Tento manter meus passos firmes ao voltar para sala. Olho rapidamente em volta, mas minha visão está meio borrada e eu não encontro minha irmã.
— Você voltou. Quer biscoitos? — Atlas aparece em minha frente.
— Sim, mas agora eu preciso ir ao banheiro — digo o mais normalmente que posso, forçando um sorriso.
— Tá tudo bem mesmo? — Seu tom de voz é baixo e ele põe a mão em minhas costas.
— Sim. Tá, sim. Eu já volto. — Dou um selinho nele, forçando um sorriso e pego minha bolsa no sofá.
Ao virar, meu sorriso de desmancha e eu subo as escadas.
Acho um banheiro rapidamente, ansiosa demais para ir no do seu quarto, e fecho a porta.
Vou correndo até a pia, segurando o mármore com ambas as mãos.
Inspirar e expirar.
— Um, dois, três... — Minha voz treme e eu seguro o mármore com mais força. — Q-quatro, cinc-co...
Mas eu não consigo mais fazer isso e solto a respiração com força, me curvando sobre a pia.
Ela vai embora.
Eu não esperava que ela ficasse para sempre nessa cidade, mas achei que ela podia esperar um pouco até eu terminar a escola.
Talvez se eu falar com ela...
Sim, eu posso pedir isso a ela...
Não, você não pode.
Não seria justo com ela. Sendo minha irmã ou não, não é sua responsabilidade e se ela quer ir... Eu não posso impedi-la.
Mas também não posso voltar para a casa dos meus pais. Pensar nisso...
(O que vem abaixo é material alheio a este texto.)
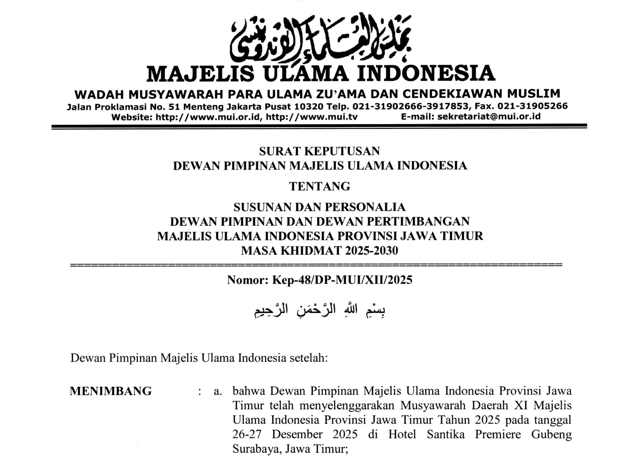 SK MUI Provinsi Jawa Timur Masa Khidmat 2025-2030

Me curvo ainda mais sobre a pia quando a ânsia de vômito sobe por minha garganta.
Mas nada sai além de tosse.
Estou trêmula.
Eu não posso voltar a morar com eles. Não posso voltar para aquela rotina de ódio e amargura. Não acredito em mamãe, sei que no primeiro momento que eu puser os pés naquela casa, serei alvo de todo tipo de punição e palavras odiosas.
Eu não posso voltar.
Eu não posso voltar.
Eu não posso voltar.
— Eu não posso — sussurro, lágrimas molhando minhas bochechas.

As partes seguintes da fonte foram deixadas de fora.